• We have updated the guidelines regarding posting political content: please see the stickied thread on Website Issues.

A clickbait title but an interesting article - Nuns Gone Bad: A Lurid Tale of a Lesbian Nun Sex Gang

Schwadevivre

Antitheist
Joined
Dec 13, 2014
Messages
549
Location
Near Skinners Bottom
via Alternet
In the summer of 1859, a desperate nun in the Roman convent of Sant’Ambrogio sent a letter to her kinsman, a bishop in the Vatican. She pleaded with him to rescue her, claiming that she had been the target of several poisonings and was in mortal danger. When her cousin the bishop answered her call and arrived at Sant’Ambrogio, he promised to rescue her and soon delivered on that promise. From his estate in Tivoli, the relieved but traumatized Katharina von Hohenzollern-Sigmaringen began to draft a denunciation of her one-time sisters back in Rome. It was an accusation more lurid than any popular anti-clerical satire, full of sexual transgressions, heretical practices and homicidal schemes.
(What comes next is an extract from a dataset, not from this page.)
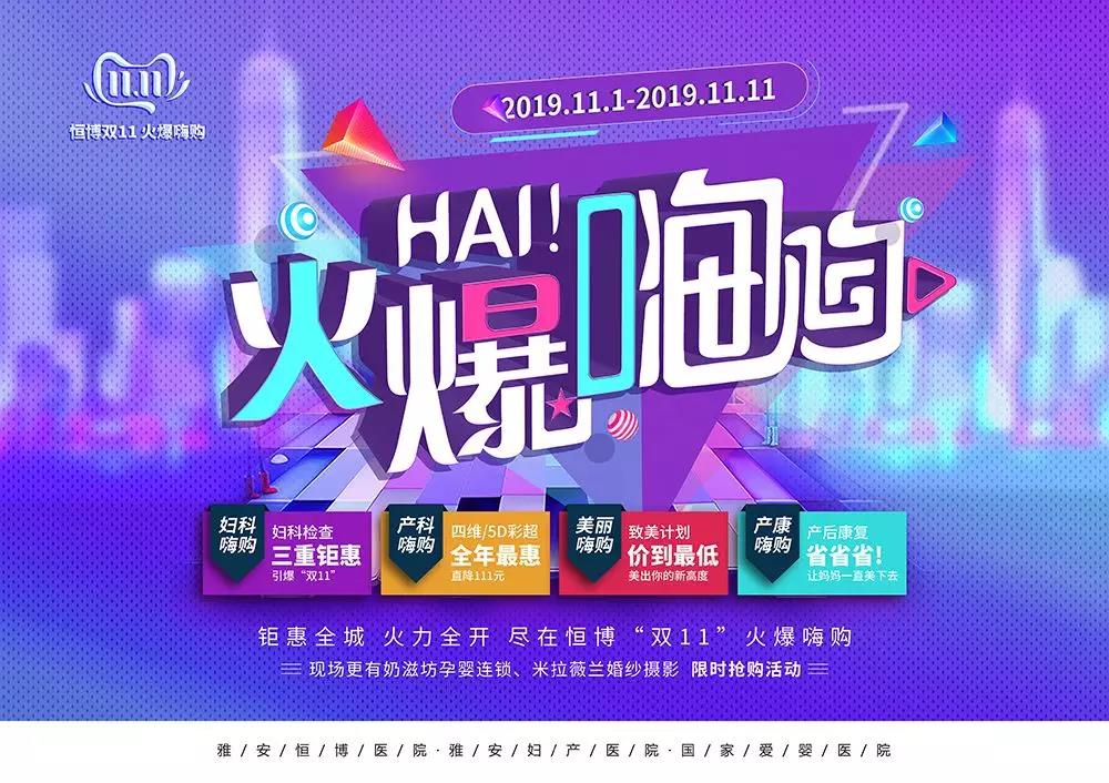 雅安恒博医院“双11”健康“嗨购节”,四维/5D史上最低价!

Furthermore, the case against the convent of Sant’Ambrogio had tendrils that climbed up to the highest reaches of the Church and entwined around the great Catholic controversies of the day.

Although there were some practices that might, loosely, be called lesbian the real scandals were normal (heterosexual) interactions and the extreme veneration of the founder of the Order of Sant’Ambrogio
What the Dominican (investigator) would discover was a secret, cultlike veneration of Maria Agnese Firrao, featuring stories that she “trapped her tongue under a heavy stone for five to six minutes” to prevent blasphemy and wore “an iron mask containing 54 pointed nails,” and other tales of self-mortification. Maria Agnese was also reputed to have performed miraculous healings, and the sisters kept such relics as the scourges she used on her body, as well as other less grisly possessions, in the belief that they retained sacred powers. In short, they treated the founder of their order as a saint, even though decades earlier the Inquisition had invalidated Maria Agnese’s claims to that status, sent her into confinement in another convent and ordered her to have no further contact with her “daughters.”